DATA EXCERPTS -
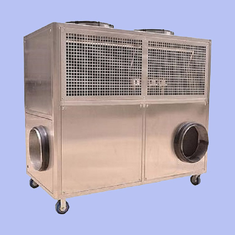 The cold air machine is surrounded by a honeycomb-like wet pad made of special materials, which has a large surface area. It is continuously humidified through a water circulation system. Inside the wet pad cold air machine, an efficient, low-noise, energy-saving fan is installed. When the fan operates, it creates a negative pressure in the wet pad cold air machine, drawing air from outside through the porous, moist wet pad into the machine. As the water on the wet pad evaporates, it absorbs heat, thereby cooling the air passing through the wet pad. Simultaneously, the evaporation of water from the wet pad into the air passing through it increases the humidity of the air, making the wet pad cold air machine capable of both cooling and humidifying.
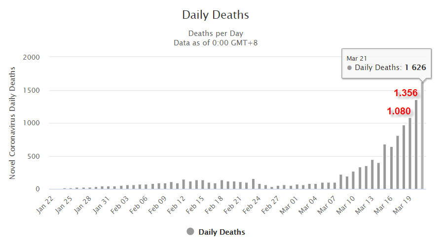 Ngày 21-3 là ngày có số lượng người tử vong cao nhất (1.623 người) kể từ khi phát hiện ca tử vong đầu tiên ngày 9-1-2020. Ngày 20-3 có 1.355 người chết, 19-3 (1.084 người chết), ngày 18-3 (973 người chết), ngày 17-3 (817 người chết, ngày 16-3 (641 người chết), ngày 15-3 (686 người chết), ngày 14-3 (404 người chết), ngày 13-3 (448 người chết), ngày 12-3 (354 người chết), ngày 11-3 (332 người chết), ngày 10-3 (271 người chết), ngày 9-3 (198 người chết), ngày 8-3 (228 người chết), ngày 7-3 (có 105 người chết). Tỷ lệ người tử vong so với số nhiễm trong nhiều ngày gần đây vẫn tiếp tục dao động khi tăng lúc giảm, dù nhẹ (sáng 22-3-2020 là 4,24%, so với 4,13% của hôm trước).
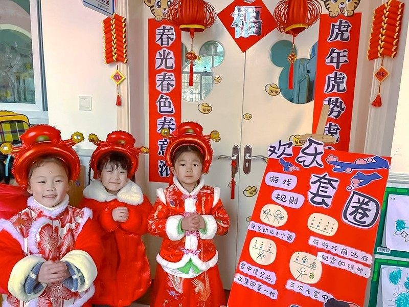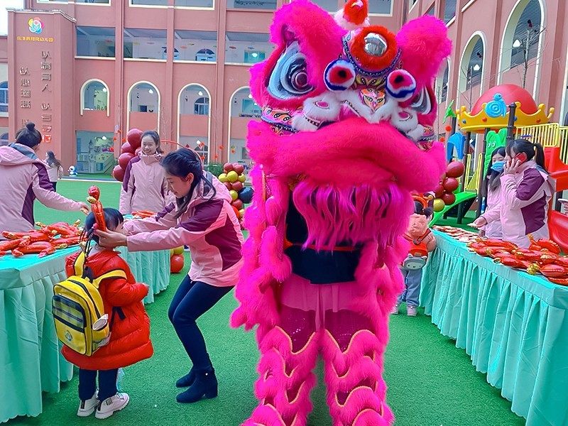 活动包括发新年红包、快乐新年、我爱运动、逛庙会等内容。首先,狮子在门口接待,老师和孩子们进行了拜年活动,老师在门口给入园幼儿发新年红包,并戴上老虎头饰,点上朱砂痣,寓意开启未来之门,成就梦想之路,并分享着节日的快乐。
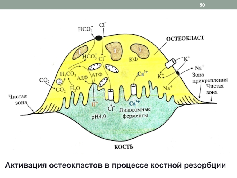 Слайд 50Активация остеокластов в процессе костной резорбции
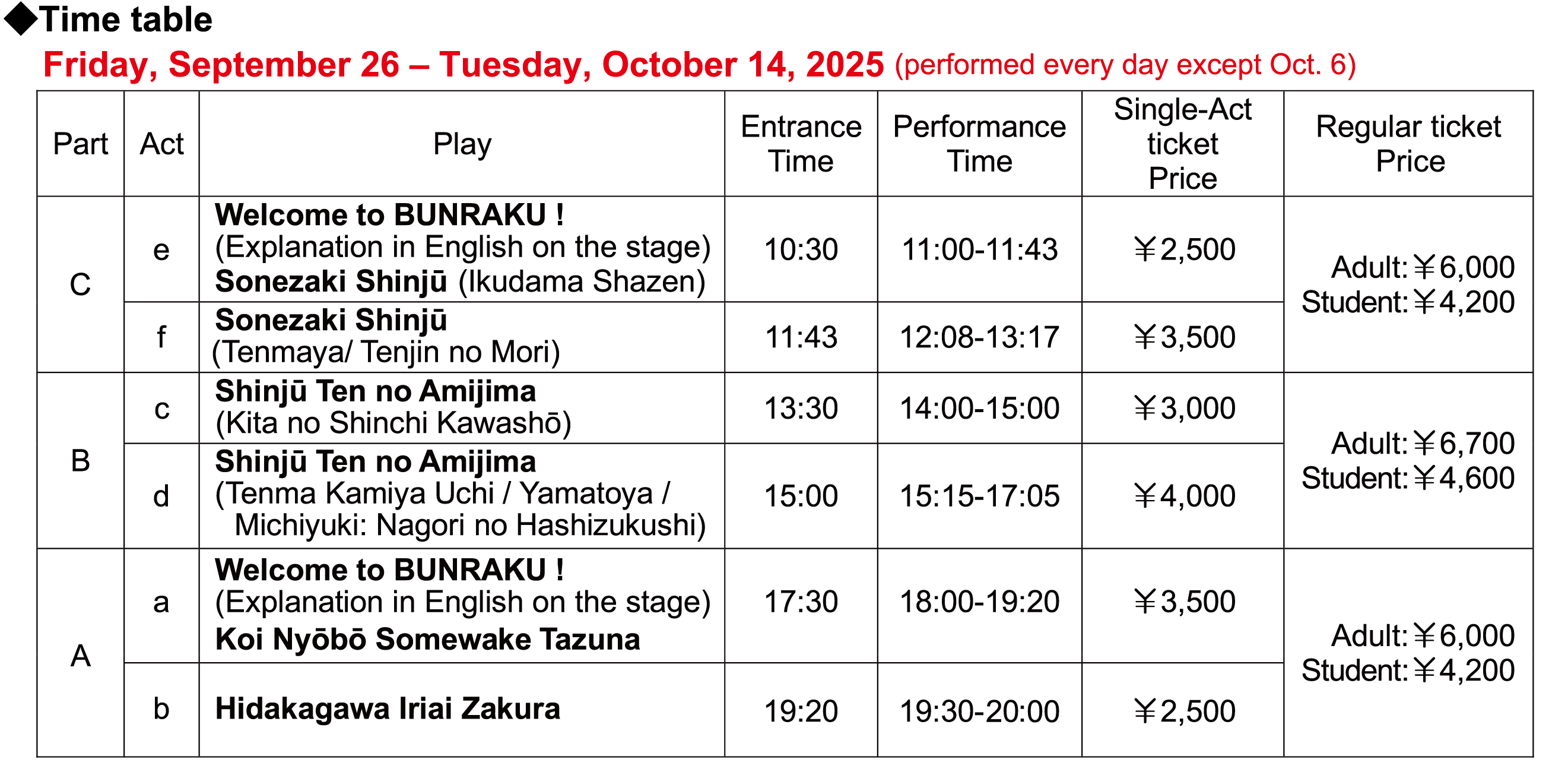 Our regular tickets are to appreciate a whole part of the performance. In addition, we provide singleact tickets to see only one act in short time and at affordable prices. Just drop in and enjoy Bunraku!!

EXERCISE - Could you reproduce exactly, and only, the lines from the one containing "活动包括发新年红包、快乐新年" through the end of the records above, both included, while leaving out the pictures?

REPLY -
 活动包括发新年红包、快乐新年、我爱运动、逛庙会等内容。首先,狮子在门口接待,老师和孩子们进行了拜年活动,老师在门口给入园幼儿发新年红包,并戴上老虎头饰,点上朱砂痣,寓意开启未来之门,成就梦想之路,并分享着节日的快乐。
 Слайд 50Активация остеокластов в процессе костной резорбции
 Our regular tickets are to appreciate a whole part of the performance. In addition, we provide singleact tickets to see only one act in short time and at affordable prices. Just drop in and enjoy Bunraku!!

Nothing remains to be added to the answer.